I went on a tear the other day, after finding out what wavetable synthesis actually does – I’d always vaguely assumed it was just another kind of sample playback, and wasn’t interested. A few hours of python later, I have a little program that goes mining through my music library, hunting for interesting waveforms; a little normalization and some spectral morphing later, and out come a bunch of wavetables, like you’d use in Serum or Massive.
The machine proceeds to use its wavetables, in a barely controlled sort of let’s-just-see-what-happens way, to generate anywhere from a few seconds to a few minutes of… well… let’s call it “sound”. It’s terrible, most of the time, admittedly – but it is a surprising kind of sound, too, and worth the exploration, for the compelling bits of alien music that sometimes come blurting out of that weird robot’s brain; dark throbbing rhythmic gritty off-kilter stuff that I would never have imagined making on purpose.
I had a few ideas for ways I might try to control this novel instrument – following the envelope or pitch of one sound to drive the generation of another, perhaps – so I went to look at the state of the music-analysis world, imagining I’d find some envelope-follower algorithm and do some stuff with FFTs.
Well, sure, tempo sync is old hat in the DJ world by now, and I’ve even gotten used to effortless key-matching, but the tools you can use now, and the kinds of information they can measure about music, are far beyond what I had imagined.
aubio, for example, is a Python library, and an unusually easy-to-use command line tool, which can find beats, follow the tempo, distinguish notes, follow the pitch of those notes, and also break the track up into its louder and quieter sections.

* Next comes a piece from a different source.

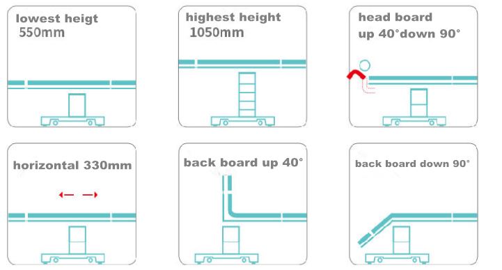 Son mouvement horizontal est de 330 mm, avec cinq roues centrol mobiles, il peut également correspondre à la salle d’imagerie C-arm ou.

pyAudioAnalysis builds from there,, offering a generic toolkit for extracting, classifying, and measuring features in sound; you can use this library to train a custom segmentation engine, which will recognize and extract any particular pieces of an audio recording you might happen to be interested in.
Essentia, though, is the box of shiny toys that really made my head explode. Beat tracking, segmentation, feature classification, sure, we’ve seen that now; but how about… melody extraction? Mood detection? The list is amazing: dynamic complexity, spectral energy, dissonance, spectral complexity, beat loudness, and danceability!?
You’re not stuck on the command line, either – Sonic Visualizer will accept Essentia as a plug-in, along with a whole lot of others, and then there’s this Pure Data toolkit…